[Dataset records]

[Start of section]

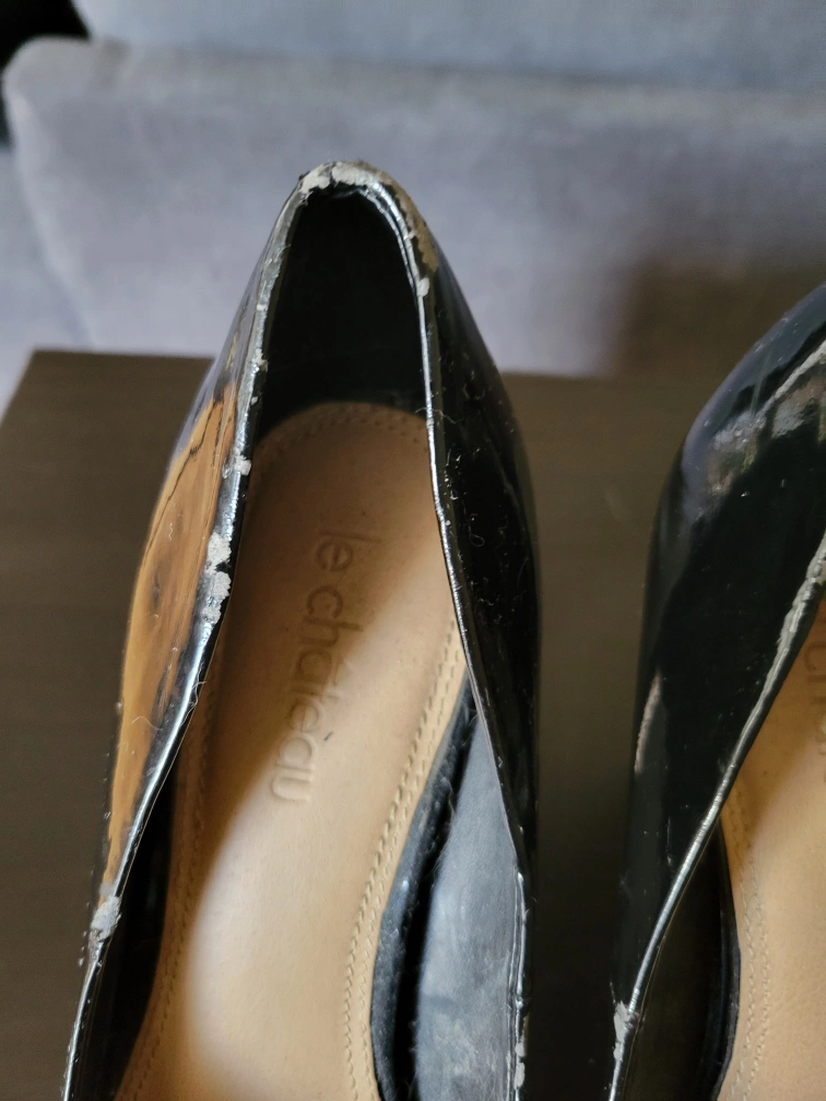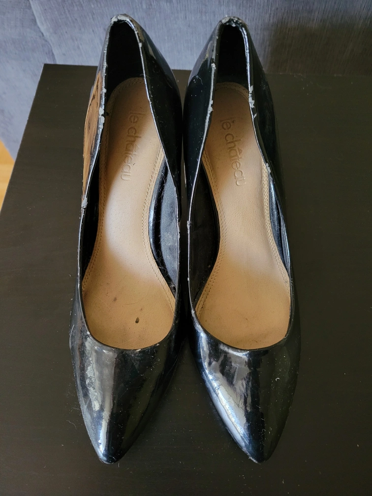 Pair of black patent leather heels. Pointed toe. Wear and tear visible but still a good shoe option for a long dress or gown. Size 8 women's.
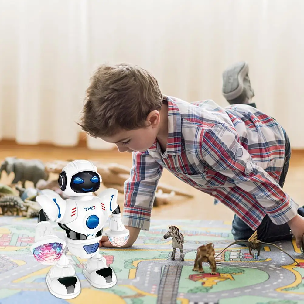 Забавный робот для танцев, Детский Электрический Универсальный светильник, музыкальная модель, игрушкиСлучайная универсальная ходьба, фонарь, классная музыка
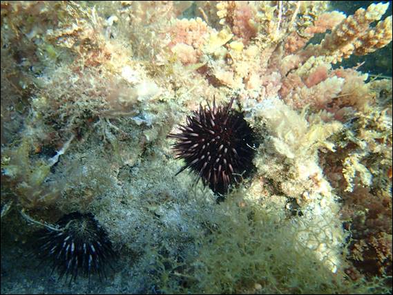 There are spots there is a small reef along Peppy and in the nooks and crannies there are always things to be found, today it was the Strongylocentrotus purpuratus (Purple Sea Urchin). There distinctive pale spines is what gives them away, and I’m not sure if they find holes to live in our burrow into the reef, as each time the homes I find them in are a perfect fit:
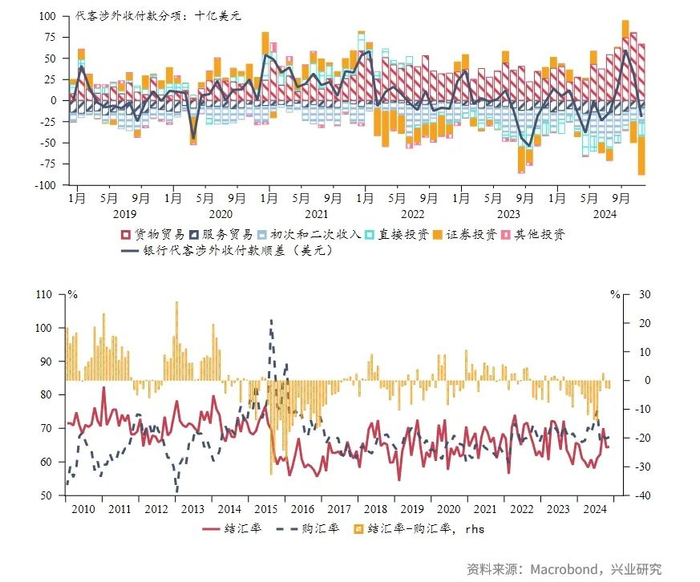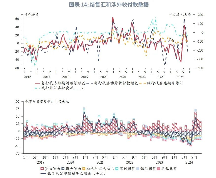 2024年11月,银行代客结售汇录得顺差41亿美元,前值为顺差158亿美元,环比顺差缩窄117亿美元;银行远期代客净结汇顺差39亿美元,前值顺差76亿美元,环比顺差缩窄37亿美元;银行代客涉外收付款逆差195亿美元,前值顺差328亿美元,环比逆差扩大523亿美元。
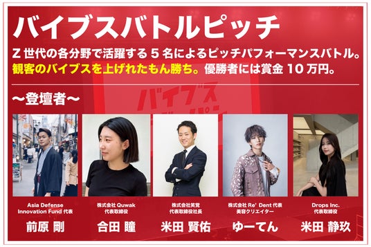 Z世代が、自分の“生き方”と“ビジョン”を4分間に込めて伝える、バイブスジャパンを象徴するコンテンツ。選抜された5名の登壇者が、自己PRでは語りきれない想いや価値観をステージで表現し、それぞれが大切にしている軸や、挑戦する理由、描いている未来を届けます。“目の前にいる観客の心を動かせるかどうか”でが評価基準で、当日は観客によるリアルタイム投票で優勝者が決まります。若者同士が互いの生き方から刺激を受け、「自分も動いてみたい」そう思える空気が会場に生まれる、イベント全体の熱量をつくり出すステージです。
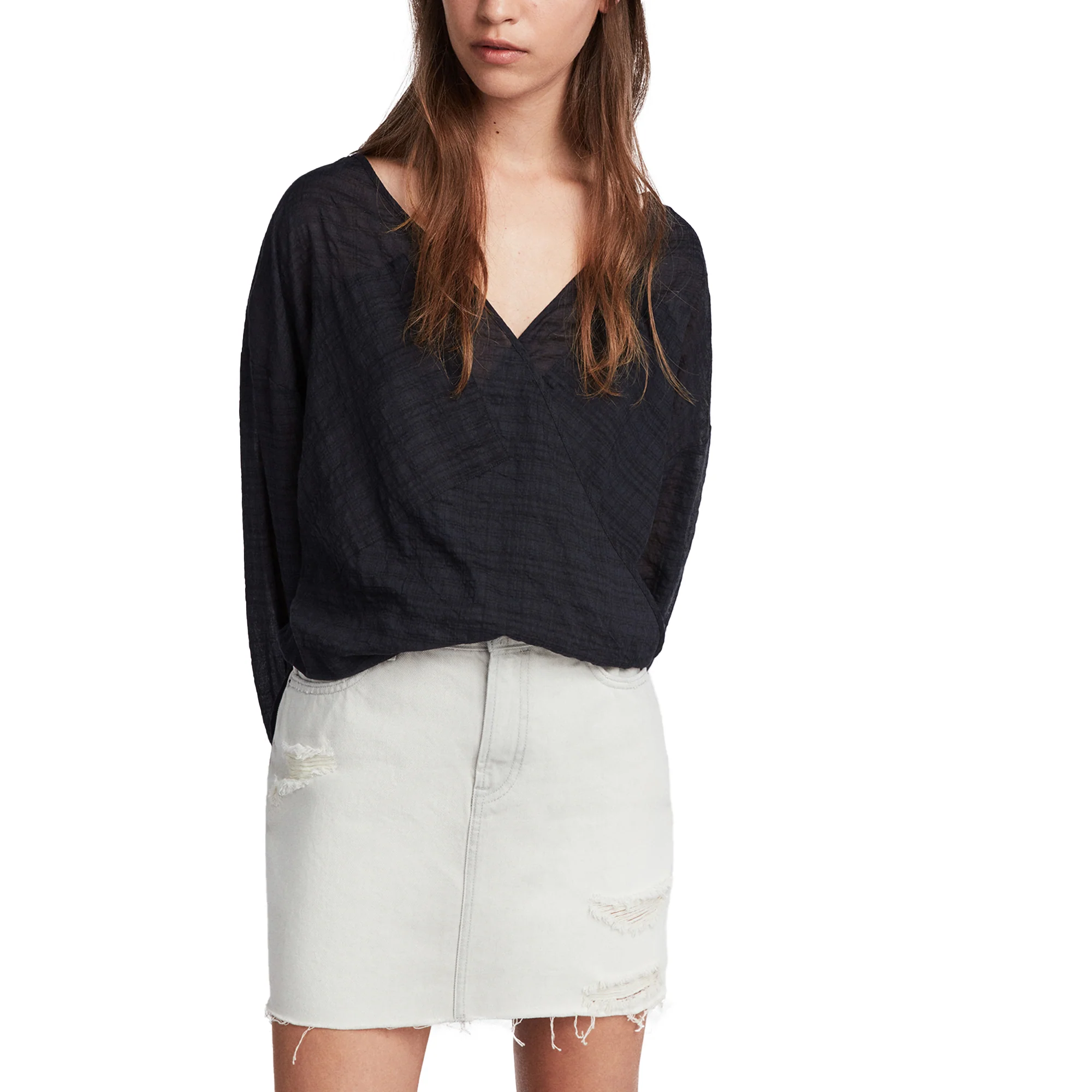FALDA BETTY, MARCA ALLSAINTS. FALDA DENIM CORTA RECORTADA, CORTE RECTO, CINCO BOLSILLOS. 100% ALGODÓN. LAVAR A MÁQUINA AL REVÉS.
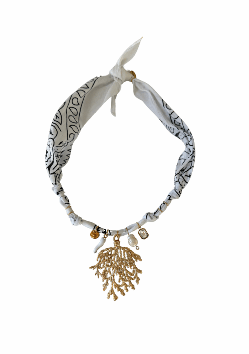 Coton 100%, acier inoxydable et pierres naturelles pour un bijou bandana aux trois usages.
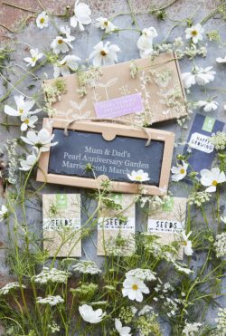 Inside a beautifully decorated presentation box, the happy couple will discover three seed packets to grow a collection of stunning white flowers — lady’s lace, cosmos and white beeblossom. Together, these elegant blooms create a graceful and meaningful display. The gift also includes a large personalised slate, ready to hang proudly in their flourishing garden.

[End of section]

> What to do
Every line above is to be duplicated exactly; no picture should be carried over.

> Response to this task
 Pair of black patent leather heels. Pointed toe. Wear and tear visible but still a good shoe option for a long dress or gown. Size 8 women's.
 Забавный робот для танцев, Детский Электрический Универсальный светильник, музыкальная модель, игрушкиСлучайная универсальная ходьба, фонарь, классная музыка
 There are spots there is a small reef along Peppy and in the nooks and crannies there are always things to be found, today it was the Strongylocentrotus purpuratus (Purple Sea Urchin). There distinctive pale spines is what gives them away, and I’m not sure if they find holes to live in our burrow into the reef, as each time the homes I find them in are a perfect fit:
 2024年11月,银行代客结售汇录得顺差41亿美元,前值为顺差158亿美元,环比顺差缩窄117亿美元;银行远期代客净结汇顺差39亿美元,前值顺差76亿美元,环比顺差缩窄37亿美元;银行代客涉外收付款逆差195亿美元,前值顺差328亿美元,环比逆差扩大523亿美元。
 Z世代が、自分の“生き方”と“ビジョン”を4分間に込めて伝える、バイブスジャパンを象徴するコンテンツ。選抜された5名の登壇者が、自己PRでは語りきれない想いや価値観をステージで表現し、それぞれが大切にしている軸や、挑戦する理由、描いている未来を届けます。“目の前にいる観客の心を動かせるかどうか”でが評価基準で、当日は観客によるリアルタイム投票で優勝者が決まります。若者同士が互いの生き方から刺激を受け、「自分も動いてみたい」そう思える空気が会場に生まれる、イベント全体の熱量をつくり出すステージです。
FALDA BETTY, MARCA ALLSAINTS. FALDA DENIM CORTA RECORTADA, CORTE RECTO, CINCO BOLSILLOS. 100% ALGODÓN. LAVAR A MÁQUINA AL REVÉS.
 Coton 100%, acier inoxydable et pierres naturelles pour un bijou bandana aux trois usages.
 Inside a beautifully decorated presentation box, the happy couple will discover three seed packets to grow a collection of stunning white flowers — lady’s lace, cosmos and white beeblossom. Together, these elegant blooms create a graceful and meaningful display. The gift also includes a large personalised slate, ready to hang proudly in their flourishing garden.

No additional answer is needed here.